Clone/update github repo

In [None]:
!git clone https://github.com/pds2021/course.git
%cd /content/drive/My\ Drive/course
!git pull

What about private repos?

In [None]:
%cd /content/drive/My\ Drive
!git clone https://github.com/pds2021/a4-matjesg

For private repositories, some options are mentioned on [stackoverflow](https://stackoverflow.com/questions/48350226/methods-for-using-git-with-google-colab)
- In the code below your password won't be exposed
- Remember to change `repo_owner` and `repo_name`


In [None]:
import os
from getpass import getpass
import urllib

repo_owner = 'pds2021'
repo_name = 'a4-matjesg'
user = input('User name: ')
password = getpass('Password: ')
password = urllib.parse.quote(password) # your password is converted into url format

cmd_string = f'git clone https://{user}:{password}@github.com/{repo_owner}/{repo_name}.git'

os.system(cmd_string)
cmd_string, password = "", "" # removing the password from the variable

In [None]:
%cd /content/drive/My\ Drive/a4-matjesg
!git pull

## Modular programming

___Definition___

Modular programming refers to the process of breaking a large, unwieldy programming task into separate, smaller, more manageable subtasks or modules.

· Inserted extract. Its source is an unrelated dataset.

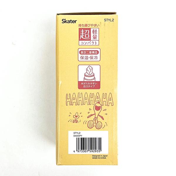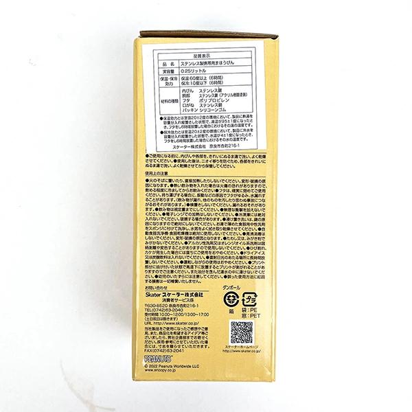 スヌーピーのコンパクトサイズの直飲み水筒です。保冷保温ができるステンレス真空二重構造。氷が入れやすい広口タイプ。持ち歩きやすい重さなので、ちょっとしたお出かけや就寝時に枕元に置いておくのにもピッタリ◎【商品サイズ(約):直径5.8×高さ14.3cm】【容量:250ml】【重量:110g】【保温効力:60度以上(6時間)保冷効力:10度以下(6時間)】※自動食器洗浄機・食器乾燥機は絶対に使用しないでください。※熱い飲み物を入れた場合は火傷の恐れがありますので、飲める程度に冷ましてからお飲みください。

Individual modules can then be cobbled together like building blocks to create a larger application.

___Advantages___

There are several advantages to modularizing code in a large application:

- **Simplicity**: 
    - Focusing on one relatively small portion of the problem. 
    - Makes development easier and less error-prone.

- **Maintainability**: 
    - Enforce logical boundaries between different problem domains
    - Minimizes interdependency (modifications to a single module will not have an impact on other parts of the program)
    - More viable for a team of many programmers to work collaboratively on a large application.

- **Reusability**: 
    - Easy reuse 
    - Eliminates the need to recreate duplicate code.

- **Scoping**: 
    - separate namespaces helps avoid collisions between identifiers in different areas of a program

### Python Modules: Overview

There are actually three different ways to define a module in Python:

1. A module can be written in Python itself.
2. A module can be written in C and loaded dynamically at run-time
3. A built-in module is intrinsically contained in the interpreter, like the itertools module.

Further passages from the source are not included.